### [GIVEN INFORMATION]

§ §

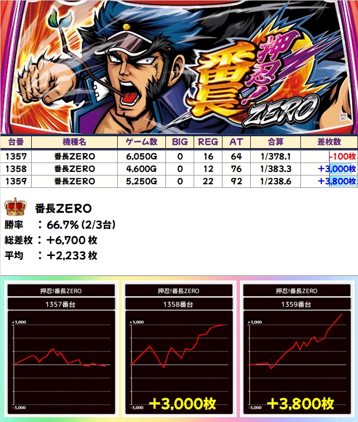 いまだに根強い人気の「番長ZERO」も全台系に! 3台中2台は綺麗な右肩上がりで+3000枚以上を記録!
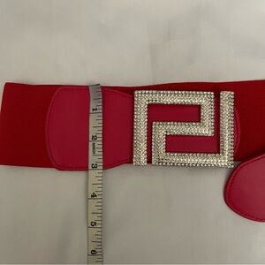 Red PU leather square buckle with rhinestones details elastic waistband belt
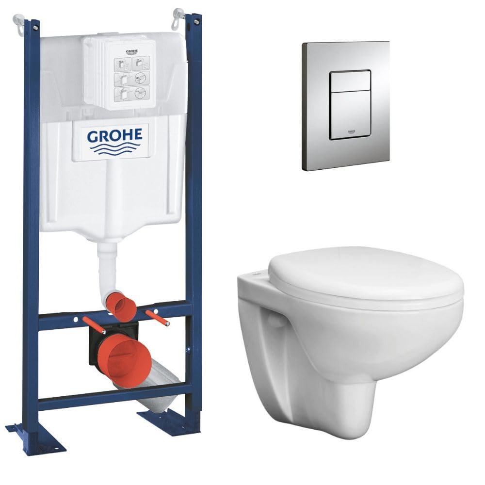 GROHE Toilet Set Concealed Frame BauCeramic Rimless Toilet Bowl Flush Cover Push Button

§ §

### [TRY IT]
A word-for-word copy of the listing is the goal; keep every picture out of it.

### [FINISHED TASK]
 いまだに根強い人気の「番長ZERO」も全台系に! 3台中2台は綺麗な右肩上がりで+3000枚以上を記録!
 Red PU leather square buckle with rhinestones details elastic waistband belt
 GROHE Toilet Set Concealed Frame BauCeramic Rimless Toilet Bowl Flush Cover Push Button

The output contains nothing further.